ASSIGNED TASK: Write out exactly, with both ends included, the lines that run from the line containing "6. [2025·甘肃兰州]" to the end of the entries. Pictures are not part of the answer.

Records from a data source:
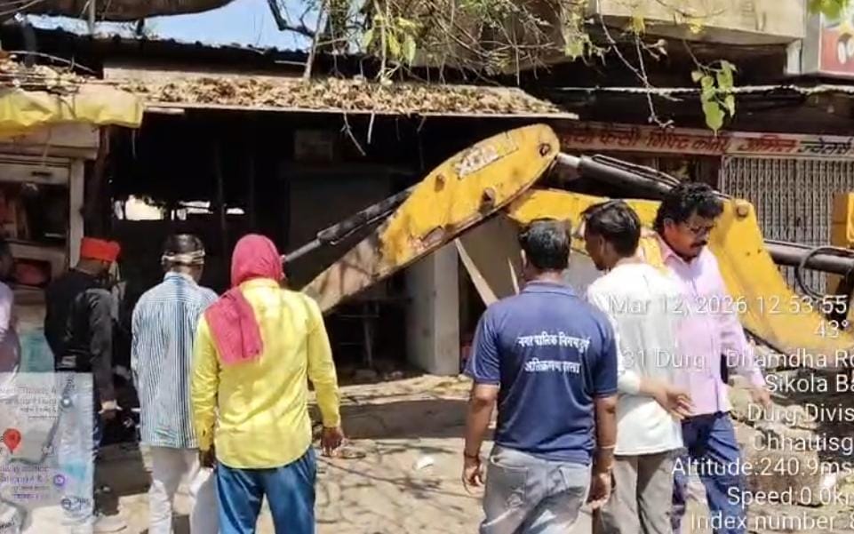 दुर्ग/12 मार्च। नगर पालिक निगम दुर्ग द्वारा शहर में बढ़ते अवैध अतिक्रमण के खिलाफ सख्त कार्रवाई करते हुए पटरीपार सिकोला भाटा सब्जी मार्केट क्षेत्र में नाली के ऊपर किए गए अवैध निर्माणों को हटाया गया। निगम की टीम ने जेसीबी की मदद से करीब 35 से अधिक दुकानों के बाहर नाली के ऊपर बनाए गए अवैध शेड और पक्के निर्माण को तोड़कर हटाया।
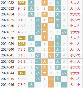 上期开出了号码730,组六类型,奇奇偶,大小小形态,和值10,跨度7。在大小走势上,近10期里全大开出了1期,2大1小开出了3期,1大2小开出了6期,全小开出了0期,小数占比更多,但是走势上近期是小数走热,预计小数会继续开出,本期关注小数。
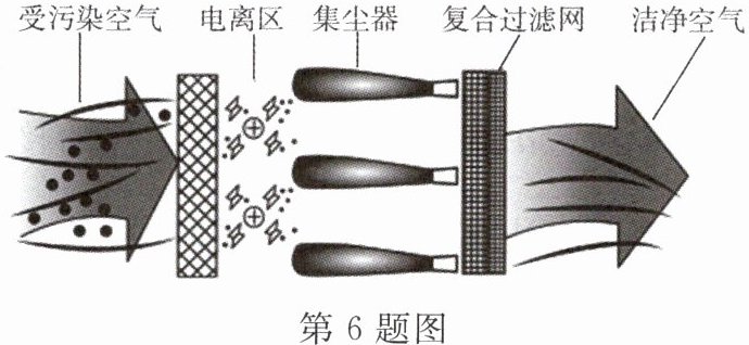 6. [2025·甘肃兰州]为了提升人们的生活品质,一些家庭安装了空气净化器,其工作原理如图所示。受到污染的空气被净化器吸入后,颗粒物进入电离区带上电荷,然后在集尘器上被带电金属网捕获。金属网吸引颗粒物的原理是
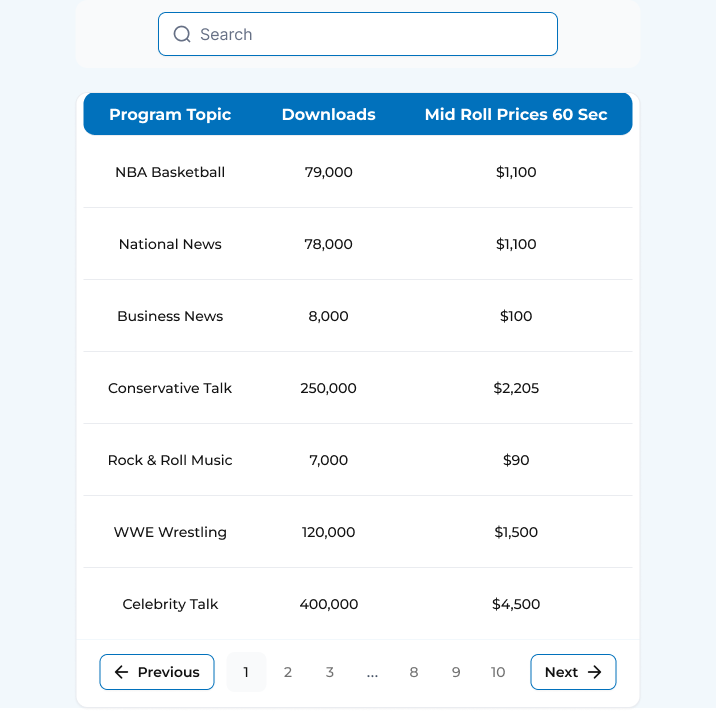 DX Media Direct can help connect you to the right podcast audience. Here are some examples of rates and download statistics. There are literally hundreds of programs available.
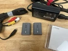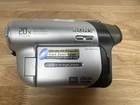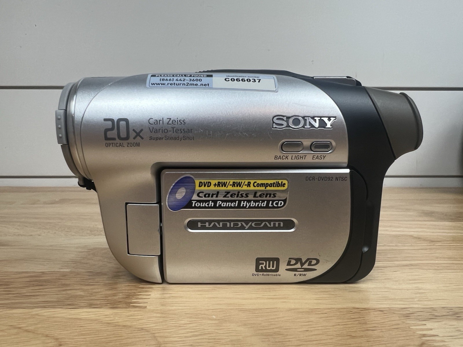 The Sony Handycam DCR-DVD92 Camcorder is a video recording device with a 20x Carl Zeiss lens. This camcorder uses the DVD media format. This device has been tested and works as expected. Two batteries are included, but they do not hold their charge for long. The device does work perfectly when plugged in despite battery charge. Also includes charging cable, audio/video cable, blank generic 1.4GB DVD-RW disc, strap, and carrying case. The camcorder device is in excellent condition with only a few minor surface scratches. The carrying case and strap show signs of use, particularly on the leather section with Sony logo. See all pictures for condition.

YOUR SOLUTION:
 6. [2025·甘肃兰州]为了提升人们的生活品质,一些家庭安装了空气净化器,其工作原理如图所示。受到污染的空气被净化器吸入后,颗粒物进入电离区带上电荷,然后在集尘器上被带电金属网捕获。金属网吸引颗粒物的原理是
 DX Media Direct can help connect you to the right podcast audience. Here are some examples of rates and download statistics. There are literally hundreds of programs available.
 The Sony Handycam DCR-DVD92 Camcorder is a video recording device with a 20x Carl Zeiss lens. This camcorder uses the DVD media format. This device has been tested and works as expected. Two batteries are included, but they do not hold their charge for long. The device does work perfectly when plugged in despite battery charge. Also includes charging cable, audio/video cable, blank generic 1.4GB DVD-RW disc, strap, and carrying case. The camcorder device is in excellent condition with only a few minor surface scratches. The carrying case and strap show signs of use, particularly on the leather section with Sony logo. See all pictures for condition.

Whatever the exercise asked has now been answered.